Fizeau's Speed of Light

Thread Starter

electo101

Joined Nov 15, 2007
12
This is more of a physics question than electronics, but I figured I'd post to see if anyone knew anyway. The question concerns Fizeau's method of the speed of light using a wheel with various teeth. The formula is c = 2d/t where t = delta theta/ w; where c is the speed of light, d is the distance between the wheel and light source and t is time measured using the number of teeth and angular speed (w).

The question I am trying to solve uses 720 teeth and asks for the minimal angular speed to correctly determine the speed of light to be 3 x10e8 at a distance of 11.45 km. I was wondering if the delta theta is 1/(2 * # of teeth) or it is always 1/720, cause my textbook seems to contradict itself in that sense and it is confusing me, also the internet has not been much help in the issue.

Thanks
 

beenthere

Joined Apr 20, 2004
15,819
Possibly the source of confusion comes from the two definitions for t, or at least your explanations of t seem to be a bit different.
 

Thread Starter

electo101

Joined Nov 15, 2007
12
yes, a distance mirror. The thing is, a problem in my textbook (I will type it out now) uses 1/720 in the solution manual for 720 teeth.

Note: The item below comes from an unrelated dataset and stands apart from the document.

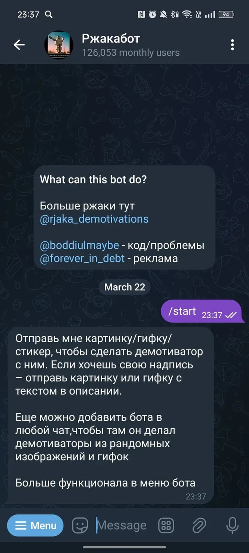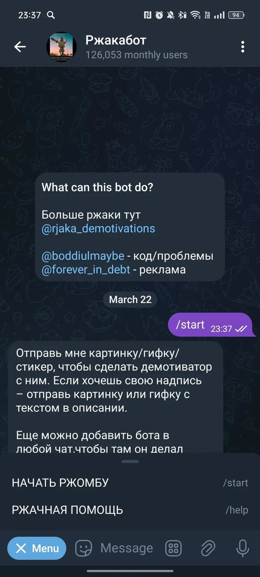 Ржакабот автоматически создаёт демотиваторы из изображений и GIF, генерируя юмористические картинки прямо в чате без перехода на сторонние сервисы.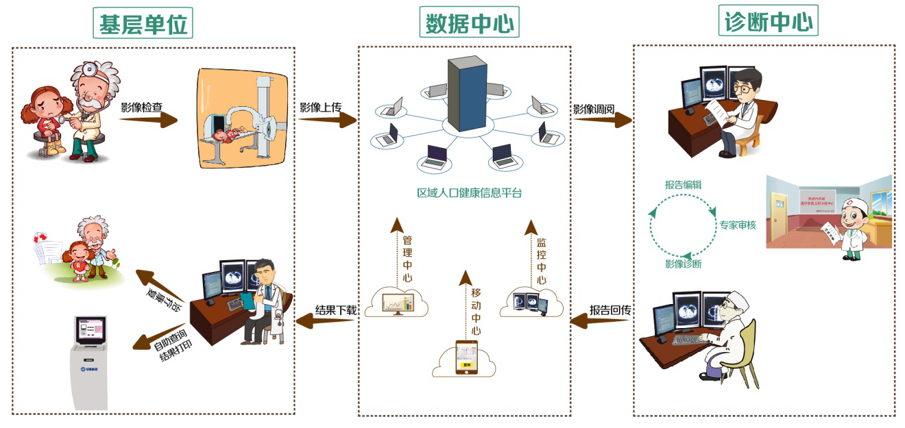 提供丰富的影像处理及科室管理工具,全面支持各医技科室及设备,通过对患者各类影像数据的采集、存储、处理、归档和共享,实现医学影像从数据到信息诊断价值的传递,同时与区域人口健康信息平台高度集成,数据数据互联互通。

Here it is. (I get an answer which is one half the correct answer. The right answer is around 112 radian/sec I think)

In an experiment to measure the speed of light using the apparatus of Fizeau, the distance between light source and mirror was 11.45km and the wheel had 720 notches. The experimentally determined value of c was 2.998e8 m/s. Find the minimum angular speed of the wheel for this experiment.

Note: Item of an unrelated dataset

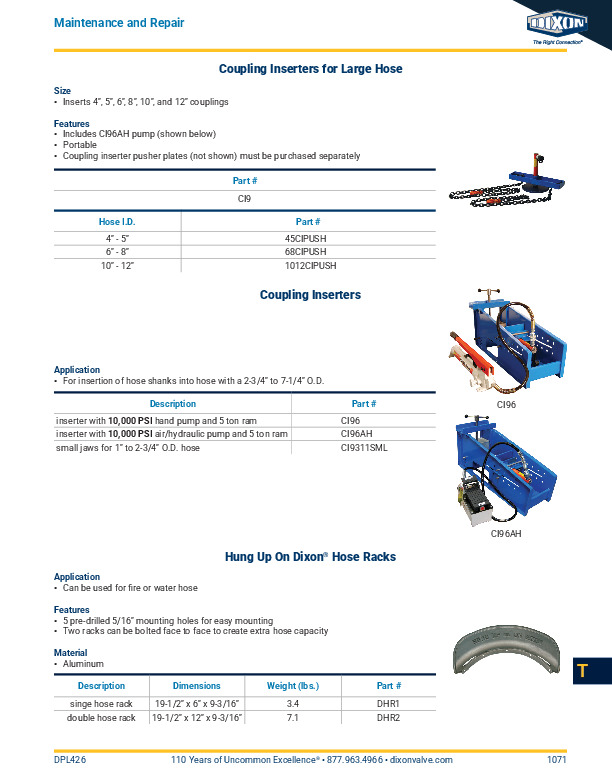 Coupling inserter pusher plates (not shown) must be purchased separately

What I did was; c = (2d)/t t=Theta/w t =[ (2*pi radians/2*720 (the 720 being the amount of notches) ] / w

w = (2.998e8)(2*pi/1440)
2(11.45e3)
 

thingmaker3

Joined May 16, 2005
5,083
Light travels 11.45km to the mirror and another 11.45km back from the mirror. I could be wrong, but I always thought this is why "2" was in the divisor. I see you have it as "2(d)" as well as in the divisor.